# Exercise goal:
Lines from the one with "Председатель Совета Министров" up to and including the one with "2月11日,大东方(6003" are to be copied exactly from the records below, without their pictures.

# Given records:
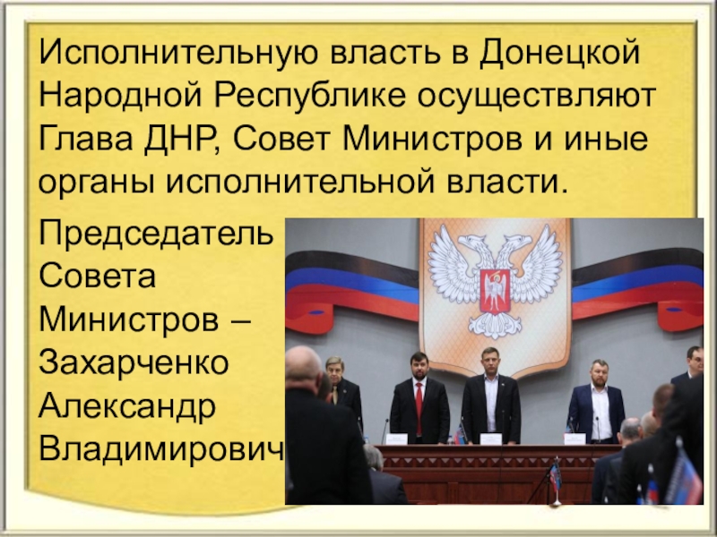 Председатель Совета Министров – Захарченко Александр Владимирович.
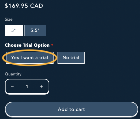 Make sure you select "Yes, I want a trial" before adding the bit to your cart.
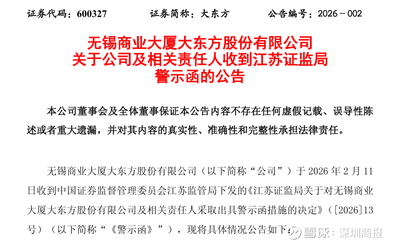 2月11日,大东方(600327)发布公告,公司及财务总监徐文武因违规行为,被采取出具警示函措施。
--
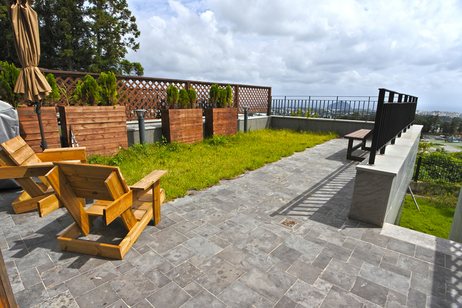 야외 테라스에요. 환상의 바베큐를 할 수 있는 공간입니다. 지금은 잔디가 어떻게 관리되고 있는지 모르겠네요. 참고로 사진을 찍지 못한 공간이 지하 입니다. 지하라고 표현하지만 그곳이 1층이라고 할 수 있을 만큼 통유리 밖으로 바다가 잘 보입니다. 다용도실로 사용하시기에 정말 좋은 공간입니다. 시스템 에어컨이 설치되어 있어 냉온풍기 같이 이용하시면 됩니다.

# Answer to this problem:
 Председатель Совета Министров – Захарченко Александр Владимирович.
 Make sure you select "Yes, I want a trial" before adding the bit to your cart.
 2月11日,大东方(600327)发布公告,公司及财务总监徐文武因违规行为,被采取出具警示函措施。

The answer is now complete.